Would you give the listing again exactly as written, minus its pictures?

[Opening Provided material section]

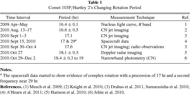 Standard image High-resolution imageTable 1. Comet 103P/Hartley 2's Changing Rotation Period
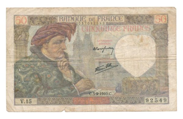 Frankreich 50 Francs 1940-1942 Jacques Coeur Auswahl: 93. Auf der Vorderseite Jacques Coeur und Palast von Bourges.
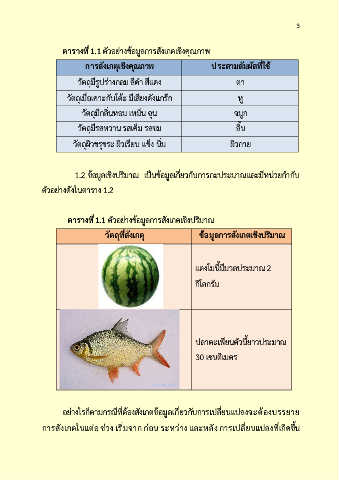 ตารางที่ 1.1 ตัวอย่างข้อมูลการสังเกตเชิงปริมาณ
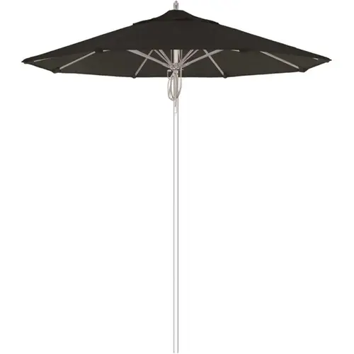 Clear summer days draw everyone out to enjoy the fresh air and temperate warmth, and you want to ensure your outdoor space has the best lounging and shaded areas around to entice more guests to visit your patio haven. With the 7.5 ft. Commercial Grade Aluminum Double Pulley Market Patio Umbrella as your centerpiece, your outdoor space will immediately become the focal point of the afternoon. The durable double pulley-lift allows for easy opening and closing of the umbrella whenever the sun's harmful rays brighten your space. Beneath the spacious solution-dyed Sunbrella canopy's long-lasting shade barrier, you can relax and take shelter from the burning sunlight without concern over fading or rot due to the 5-year manufacturer warranty. A sleek aluminum center pole stabilizes the umbrella, its heavy-duty, thick walls providing extra durability to increase the longevity of your patio shade fixture. Each rib on this umbrella is also constructed of premium fiberglass that conveniently bends and flexes in the wind, improving the wind resistance on days when the breeze becomes more violent. A picturesque sunny day is bright and cheerful, and this commercial-grade patio centerpiece is the perfect accessory to make your enjoyment of comfortable and safe, so add this umbrella to your patio to make it a stylish oasis that you and your guests will gravitate to.

[Closing Provided material section]

Your solution:
 Standard image High-resolution imageTable 1. Comet 103P/Hartley 2's Changing Rotation Period
 Frankreich 50 Francs 1940-1942 Jacques Coeur Auswahl: 93. Auf der Vorderseite Jacques Coeur und Palast von Bourges.
 ตารางที่ 1.1 ตัวอย่างข้อมูลการสังเกตเชิงปริมาณ
 Clear summer days draw everyone out to enjoy the fresh air and temperate warmth, and you want to ensure your outdoor space has the best lounging and shaded areas around to entice more guests to visit your patio haven. With the 7.5 ft. Commercial Grade Aluminum Double Pulley Market Patio Umbrella as your centerpiece, your outdoor space will immediately become the focal point of the afternoon. The durable double pulley-lift allows for easy opening and closing of the umbrella whenever the sun's harmful rays brighten your space. Beneath the spacious solution-dyed Sunbrella canopy's long-lasting shade barrier, you can relax and take shelter from the burning sunlight without concern over fading or rot due to the 5-year manufacturer warranty. A sleek aluminum center pole stabilizes the umbrella, its heavy-duty, thick walls providing extra durability to increase the longevity of your patio shade fixture. Each rib on this umbrella is also constructed of premium fiberglass that conveniently bends and flexes in the wind, improving the wind resistance on days when the breeze becomes more violent. A picturesque sunny day is bright and cheerful, and this commercial-grade patio centerpiece is the perfect accessory to make your enjoyment of comfortable and safe, so add this umbrella to your patio to make it a stylish oasis that you and your guests will gravitate to.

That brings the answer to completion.